笔趣阁 > 玄幻小说 > 百世轮回:词条无限累加 > 第347章 测谎神物?
    地面街区铺着厚木板,店铺门口挂着各色布幡。矮壮种族的店面门框低矮,大体型生物的商铺则开在更宽敞的路段。空气里混着烤肉、木屑和某种辛辣香料的味道。


    “树桥镇。”露弥指了指镇门上方用三种文字写的牌匾。


    镇门不算大。两根粗木柱之间拉了一面半人高的栏杆,旁边搭着一间棚屋。棚屋里坐着一个瘦高的男人,颧骨突出,下巴尖得像锥子,面前摊着一本比他脸还大的登记簿。

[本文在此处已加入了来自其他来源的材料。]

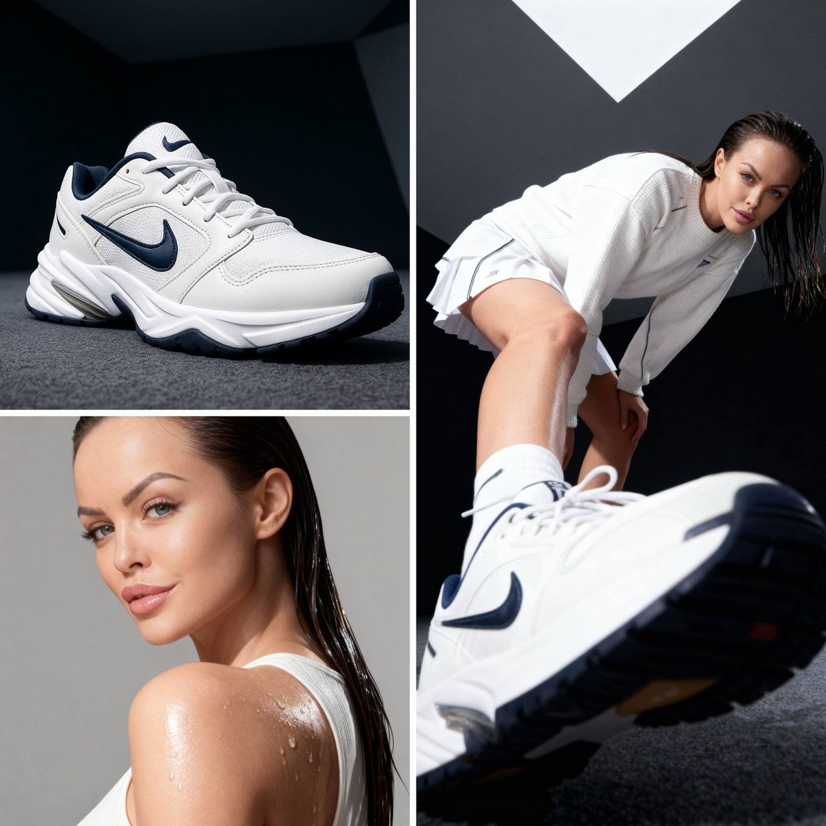 Из двух фото в стильное рекламное изображение - использовали модель Sora, тк эта нейросеть рисует более "стильные" изображения. - если Sora искажает предметы или не сохраняет оригинальные черты лица то используйте Banana Pro - также не забывайте, если цель это генерация фото для маркетплейсов, то необходимы пропорции 3:4. Sora (Chat GPT) не поддерживает 3:4, но ее результат в последующем можно прогнать через Banana Pro или Seedream4 для изменения пропорций. Чат подписчиков: @ChatGptCyberbot Промт: Model leaning towards the camera, low angle, ultra wide angle lens, one leg extended towards the camera, sneaker in focus, dynamic editorial pose, futuristic white tracksuit made of a sweater and a short tennis skirt, Deep studio lighting, contrasts, geometric background, fashion magazine style. Glamorous photorealism.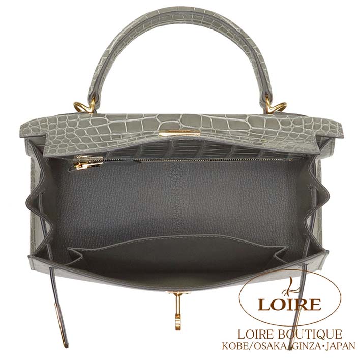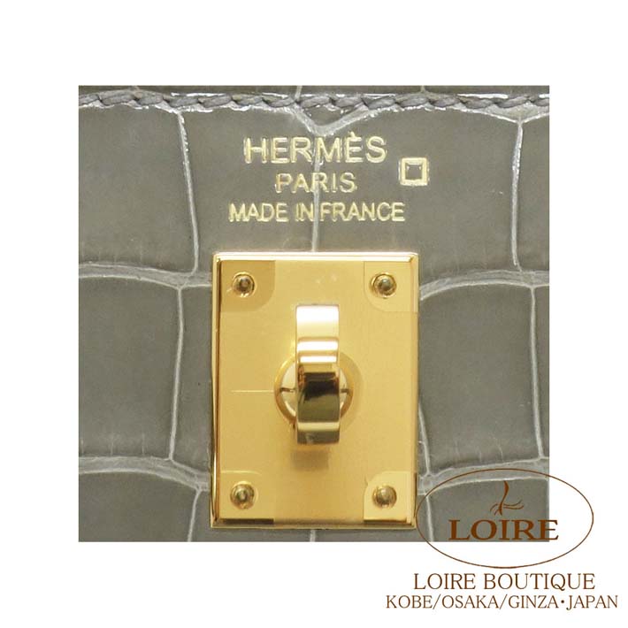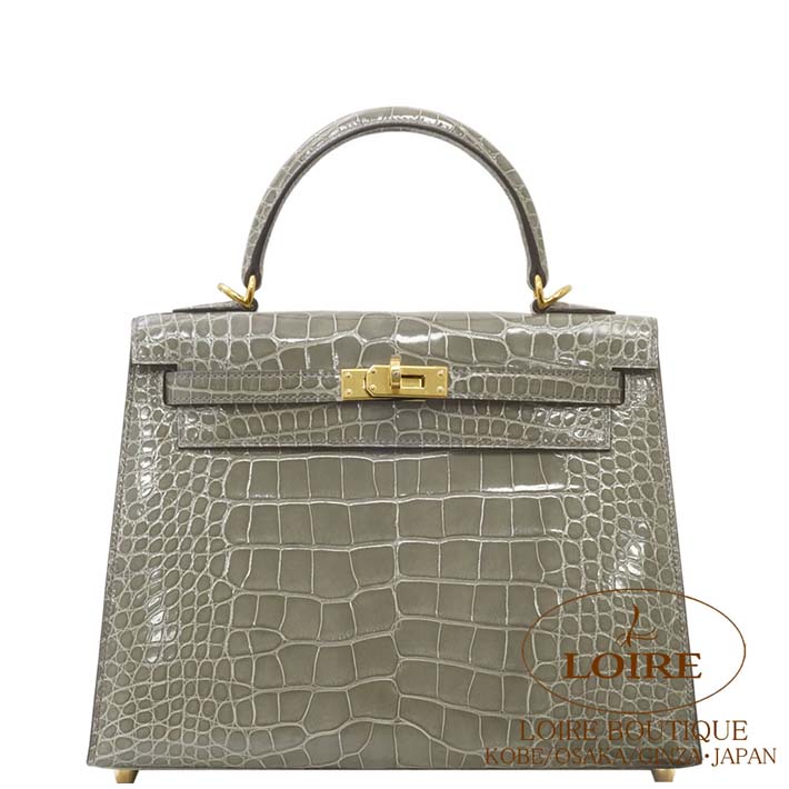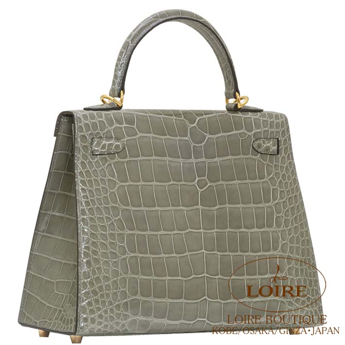 HERMES Kelly 25cm Sellier Alligator GRIS TOURTERELLE(81) Gold hardware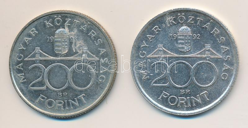 1992-1993. 200Ft Ag "MNB" (2x) T:2,2- https://www.darabanth.com/de/266-Fernauktion/266.0/Numismatik/Ungarische-Munzen-und-Munzen-mit-ungarischem-Munzzeichen~500008/1992-1993-200Ft-Ag-MNB-2x-T2-2-~II1335756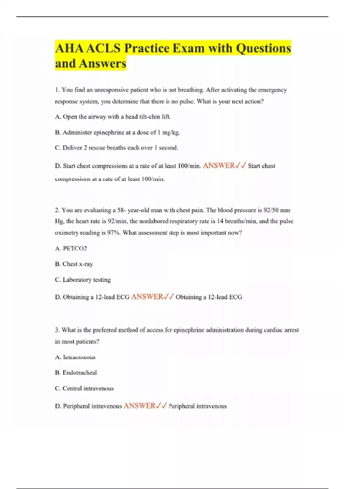 AHA ACLS Practice Exam with Questions and Answers 1. You find an unresponsive patient who is not breathing. After activating the emergency response system, you determine that there is no pulse. What is your next action? A. Open the airway with a head tilt-chin lift. B. Administer epinephrine at a dose of 1 mg/kg. C. Deliver 2 rescue breaths each over 1 second. D. Start chest compressions at a rate of at least 100/min. ANSWER Start chest compressions at a rate of at least 100/min. 2. You are evaluating a 58- year-old man with chest pain. The blood pressure is 92/50 mm Hg, the heart rate is 92/min, the nonlabored respiratory rate is 14 breaths/min, and the pulse oximetry reading is 97%. What assessment step is most important now? A. PETCO2 B. Chest x-ray C. Laboratory testing D. Obtaining a 12-lead ECG ANSWER Obtaining a 12-lead ECG 3. What is the preferred method of access for epinephrine administration during cardiac arrest in most patients? A. Intraosseous B. Endotracheal C. Central intravenous D. Peripheral intravenous ANSWER Peripheral intravenous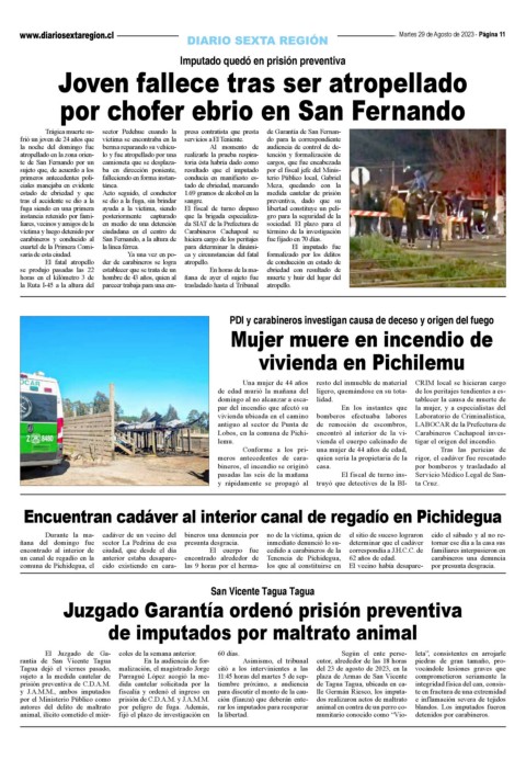 sujeto a la medida cautelar de Parragué López acogió la me- 11:45 horas del martes 5 de sep- plaza de Armas de San Vicente comprometieron seriamente la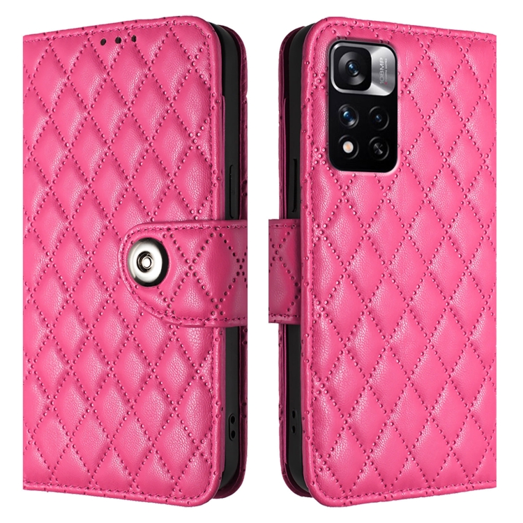 Para Redmi Note 11 Pro + 5G Eu Funda de Cuero con Tapa con Textura Rómbica y Cordón (Rojo Rosa)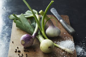 Løg er en af grundstenene i de fleste køkkener verden over og absolut uundværlig i de fleste madretter. Nye løg fås over sommeren og er fyldt med saft, kraft og skønne aromaer.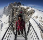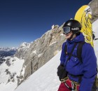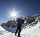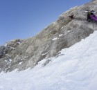 Der nächste Tag begann wieder um 8 Uhr. An diesem Tag stand eine längere Tour im Gelände auf dem Plan. Dafür bekamen wir einen Klettergurt und ein Klettersteigset. Denn der Hang, den wir fahren wollten, war nicht so einfach zu erreichen. Wir mussten die Snowboards auf den Rücken schnallen, eine etwa 30m hohe Leiter hochklettern und durch einen Tunnel auf die andere Seite des Felsens gehen. Dort befand sich der Einstieg in den Hang.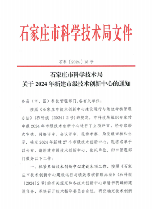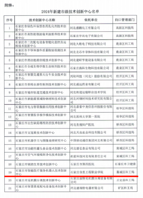 近日,石家庄科技局公布2024年新建市级技术创新中心名单,beat365智能医疗服务机器人技术创新中心成功获批。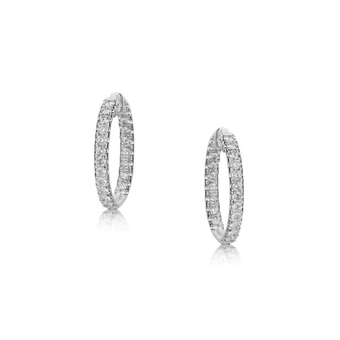 Ladies 18kt white gold diamond inside-out hoop earrings featuring 3.70 carat total weight of pave-set Round Brilliant cut diamonds of (SI) in clarity and (G-H) in color. Oval in shape. 13.6 grams in weight. 30mm (l) x 4m (w),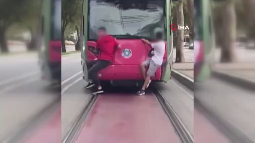 Bursa’da iki çocuk seyir halindeki tramvayın arkasına takılarak yolculuk yaptı. O anlar kameraya yansıdı.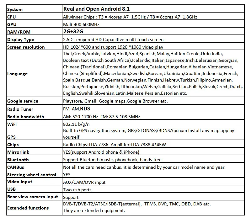 Чистый Android 8,1Автомобильный DVD-плеер +ПоддержкаУправление рулевым колесом+T3 = 4 ядра A7 1,5 ГГц/T8 = 8 ядер A7 1,8 ГГц ЦП+ 2GB RAM + 32GB Memory +HD и IPS и 2,5 DScreen+Емкостный экран+ Wifi+ GPS навигация +ДляЗеркальная ссылка на iPhone/Android мобильный телефон +Bluetooth (Встроенный)+ FM/AM +RDS +Функция USB DVR (опционально)+OBD II (опционально)+1080P Vedio Play +Камера заднего вида (Опционально)+ТВ (Опционально)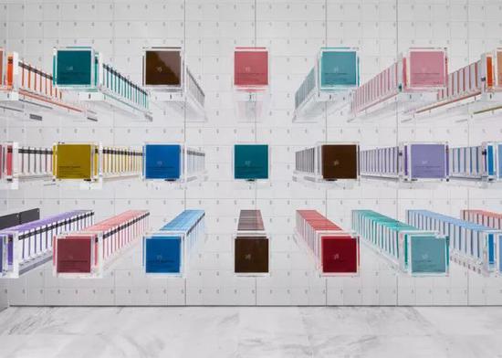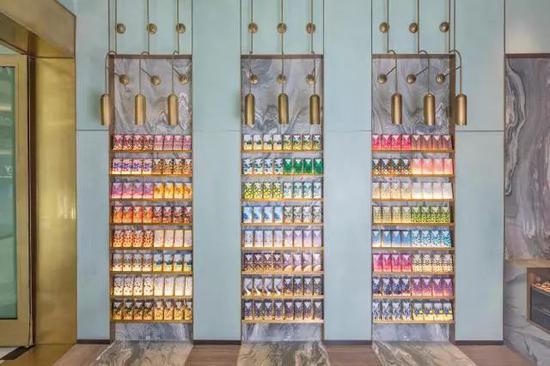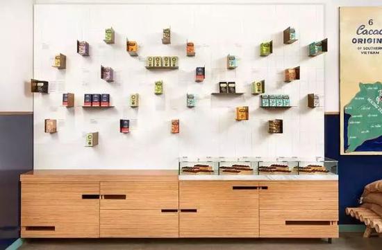 洛杉矶COMPARTES MELROSE是一家从1950年至今都坚持做手工巧克力的店铺。店铺装潢精致优雅,金属和纯色墙面的独特搭配显得空间感十足,特别是巧妙借用包装的色彩排列出的彩虹墙,超具时尚感!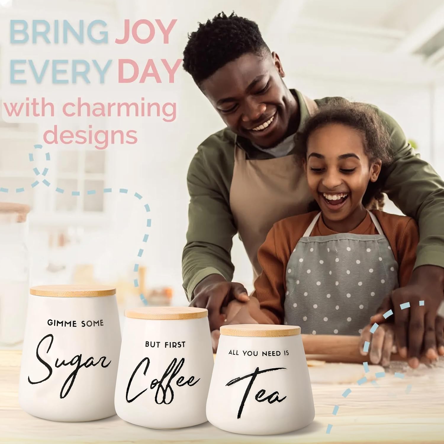 - Experience the Joy of an Organized Kitchen: Organizing your coffee tea & sugar in elegant airtight ceramic containers will enhance the style of your kitchen; Love your clutter-free coffee bar with these elegant, whimsical canisters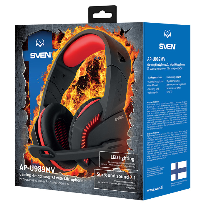 Компьютерная гарнитура Sven AP-U989MV, черный, красный

    露弥走上前,递出一块木制令牌。格鲁和达克也各交了一块。


    登记员翻开簿子,对着令牌上的编号核对,盖了章。动作熟练,头都没抬。


    然后他看见了苏璃。


    “证件。”登记员说了一个词。


    苏璃摊开双手。他现在全部家当都塞在腰间褶皱里,连条像样的裤腰带都没有。


    登记员的眼皮跳了一下。他又说了一串话,语速不快,每个词之间有停顿。


    苏璃听懂了三个。身份。地方。工作。


    他张了张嘴。脑子里搜刮了一圈这三天学会的词汇库存,拼出一句话。


    “我……远处来。不懂话。”


    发音磕磕绊绊,语法大概也不对。登记员的表情从公事公办变成了狐疑。


    露弥上前一步,语速流利地说了一大段。苏璃只听懂了几个词:森林、发现、记忆、没有。


    失忆旅人。这是她编的理由。


    登记员从桌下抽出一样东西。一根羽毛。鹅毛笔大小,通体雪白,尖端带着一丝金色荧光。


    他把羽毛递到苏璃面前,说了一句话。


    露弥在旁边做了个捏着羽毛说话的手势。


    苏璃接过羽毛。触感温热,像握着一截正在呼吸的活物。


    “说。名字。来的地方。”登记员放慢语速。


    “苏璃。”


    羽毛没反应。


    “来……”苏璃顿了一下。


    他看了眼露弥。长耳女性微点头,意思是按之前的说法来。


    “记忆没有。”


    羽毛尖端的金色光芒闪了两下。然后整根羽毛抖了一下,像被风吹过。


    登记员把羽毛抽回去看了看。嘴角往下一撇。


    他对露弥说了几句。语气里带着“你当我傻”的味道。


    露弥的表情变了。她的声音快了一些,带着辩解的意思。


    登记员摇头。把羽毛往桌上一拍。


    苏璃大概明白了。测谎。他说名字和来处的时候没问题,说失忆那句过不去。因为他确实没有失忆。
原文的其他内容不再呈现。